● Dataset items:

*** Begin section ***

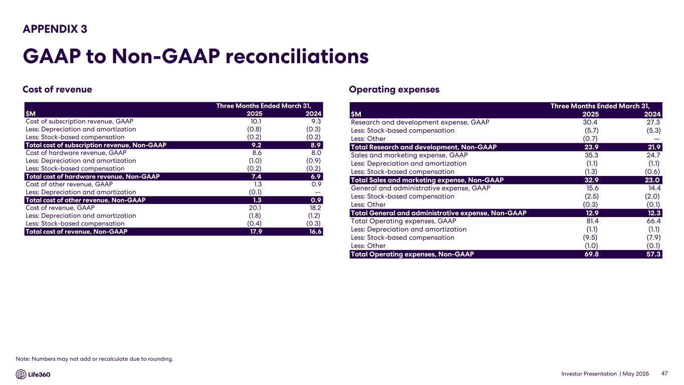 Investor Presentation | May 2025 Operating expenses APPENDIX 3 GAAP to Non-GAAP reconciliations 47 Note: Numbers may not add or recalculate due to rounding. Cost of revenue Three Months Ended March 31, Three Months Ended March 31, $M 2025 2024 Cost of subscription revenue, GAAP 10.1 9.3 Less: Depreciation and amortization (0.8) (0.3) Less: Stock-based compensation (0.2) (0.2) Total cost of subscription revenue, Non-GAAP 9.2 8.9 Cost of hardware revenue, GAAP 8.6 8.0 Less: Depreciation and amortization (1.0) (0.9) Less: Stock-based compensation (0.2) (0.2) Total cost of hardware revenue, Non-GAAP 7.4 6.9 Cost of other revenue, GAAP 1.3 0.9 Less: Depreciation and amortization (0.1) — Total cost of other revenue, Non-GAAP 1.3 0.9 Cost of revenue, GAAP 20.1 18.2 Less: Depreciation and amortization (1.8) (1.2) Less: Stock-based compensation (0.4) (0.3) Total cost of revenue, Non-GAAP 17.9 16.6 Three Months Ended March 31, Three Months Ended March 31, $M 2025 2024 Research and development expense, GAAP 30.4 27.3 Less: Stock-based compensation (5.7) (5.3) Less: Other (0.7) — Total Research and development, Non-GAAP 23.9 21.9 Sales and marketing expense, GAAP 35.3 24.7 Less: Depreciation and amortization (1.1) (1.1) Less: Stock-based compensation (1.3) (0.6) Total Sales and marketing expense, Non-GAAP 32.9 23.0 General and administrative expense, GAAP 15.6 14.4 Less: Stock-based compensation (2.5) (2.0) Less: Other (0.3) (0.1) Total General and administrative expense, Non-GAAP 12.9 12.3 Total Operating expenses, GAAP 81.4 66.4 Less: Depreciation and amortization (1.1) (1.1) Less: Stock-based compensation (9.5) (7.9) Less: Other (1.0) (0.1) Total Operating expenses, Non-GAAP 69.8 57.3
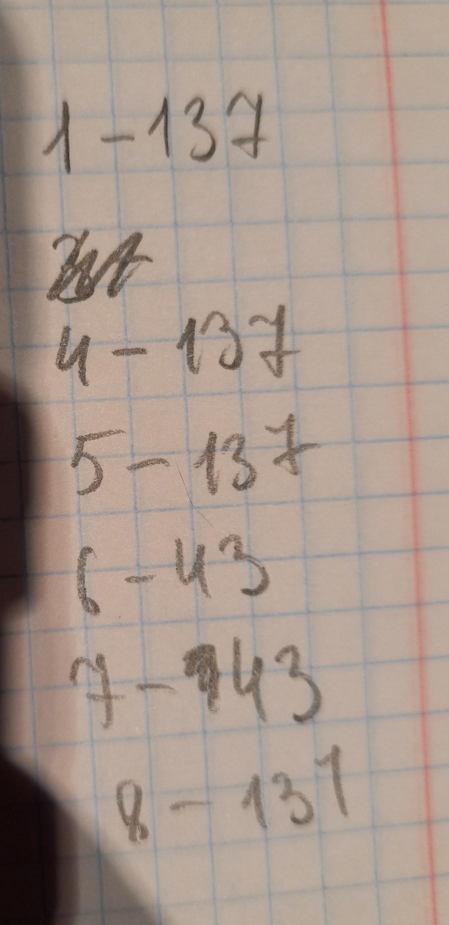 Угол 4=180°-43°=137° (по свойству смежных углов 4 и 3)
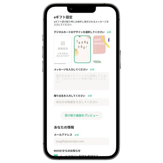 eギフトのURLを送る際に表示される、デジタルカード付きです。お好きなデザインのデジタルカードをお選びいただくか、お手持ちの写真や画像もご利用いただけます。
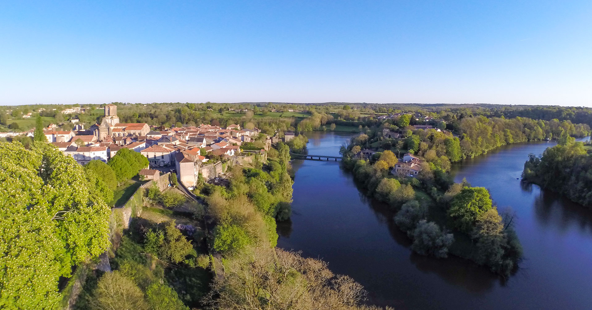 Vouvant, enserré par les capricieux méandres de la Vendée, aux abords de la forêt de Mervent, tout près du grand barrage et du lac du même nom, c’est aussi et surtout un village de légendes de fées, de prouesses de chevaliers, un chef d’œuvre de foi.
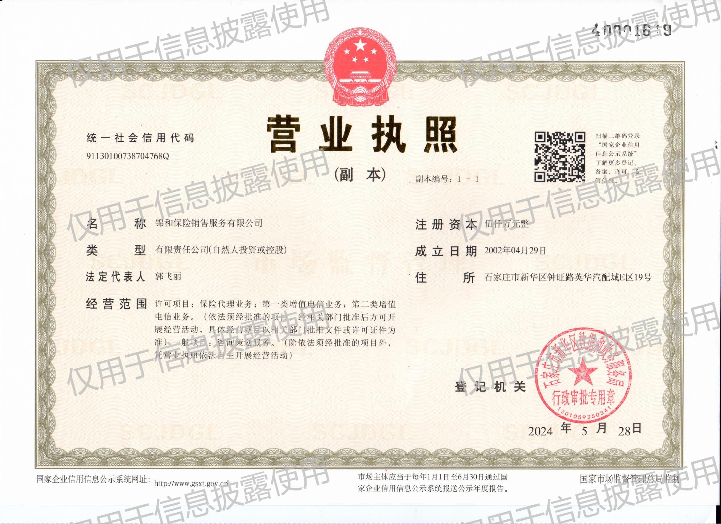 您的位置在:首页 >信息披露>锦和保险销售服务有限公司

*** End section ***

● ASSIGNED TASK:
Reproduce the data word for word, excluding its pictures.

● ANSWER AREA:
 Investor Presentation | May 2025 Operating expenses APPENDIX 3 GAAP to Non-GAAP reconciliations 47 Note: Numbers may not add or recalculate due to rounding. Cost of revenue Three Months Ended March 31, Three Months Ended March 31, $M 2025 2024 Cost of subscription revenue, GAAP 10.1 9.3 Less: Depreciation and amortization (0.8) (0.3) Less: Stock-based compensation (0.2) (0.2) Total cost of subscription revenue, Non-GAAP 9.2 8.9 Cost of hardware revenue, GAAP 8.6 8.0 Less: Depreciation and amortization (1.0) (0.9) Less: Stock-based compensation (0.2) (0.2) Total cost of hardware revenue, Non-GAAP 7.4 6.9 Cost of other revenue, GAAP 1.3 0.9 Less: Depreciation and amortization (0.1) — Total cost of other revenue, Non-GAAP 1.3 0.9 Cost of revenue, GAAP 20.1 18.2 Less: Depreciation and amortization (1.8) (1.2) Less: Stock-based compensation (0.4) (0.3) Total cost of revenue, Non-GAAP 17.9 16.6 Three Months Ended March 31, Three Months Ended March 31, $M 2025 2024 Research and development expense, GAAP 30.4 27.3 Less: Stock-based compensation (5.7) (5.3) Less: Other (0.7) — Total Research and development, Non-GAAP 23.9 21.9 Sales and marketing expense, GAAP 35.3 24.7 Less: Depreciation and amortization (1.1) (1.1) Less: Stock-based compensation (1.3) (0.6) Total Sales and marketing expense, Non-GAAP 32.9 23.0 General and administrative expense, GAAP 15.6 14.4 Less: Stock-based compensation (2.5) (2.0) Less: Other (0.3) (0.1) Total General and administrative expense, Non-GAAP 12.9 12.3 Total Operating expenses, GAAP 81.4 66.4 Less: Depreciation and amortization (1.1) (1.1) Less: Stock-based compensation (9.5) (7.9) Less: Other (1.0) (0.1) Total Operating expenses, Non-GAAP 69.8 57.3
 Угол 4=180°-43°=137° (по свойству смежных углов 4 и 3)
 eギフトのURLを送る際に表示される、デジタルカード付きです。お好きなデザインのデジタルカードをお選びいただくか、お手持ちの写真や画像もご利用いただけます。
 Vouvant, enserré par les capricieux méandres de la Vendée, aux abords de la forêt de Mervent, tout près du grand barrage et du lac du même nom, c’est aussi et surtout un village de légendes de fées, de prouesses de chevaliers, un chef d’œuvre de foi.
 您的位置在:首页 >信息披露>锦和保险销售服务有限公司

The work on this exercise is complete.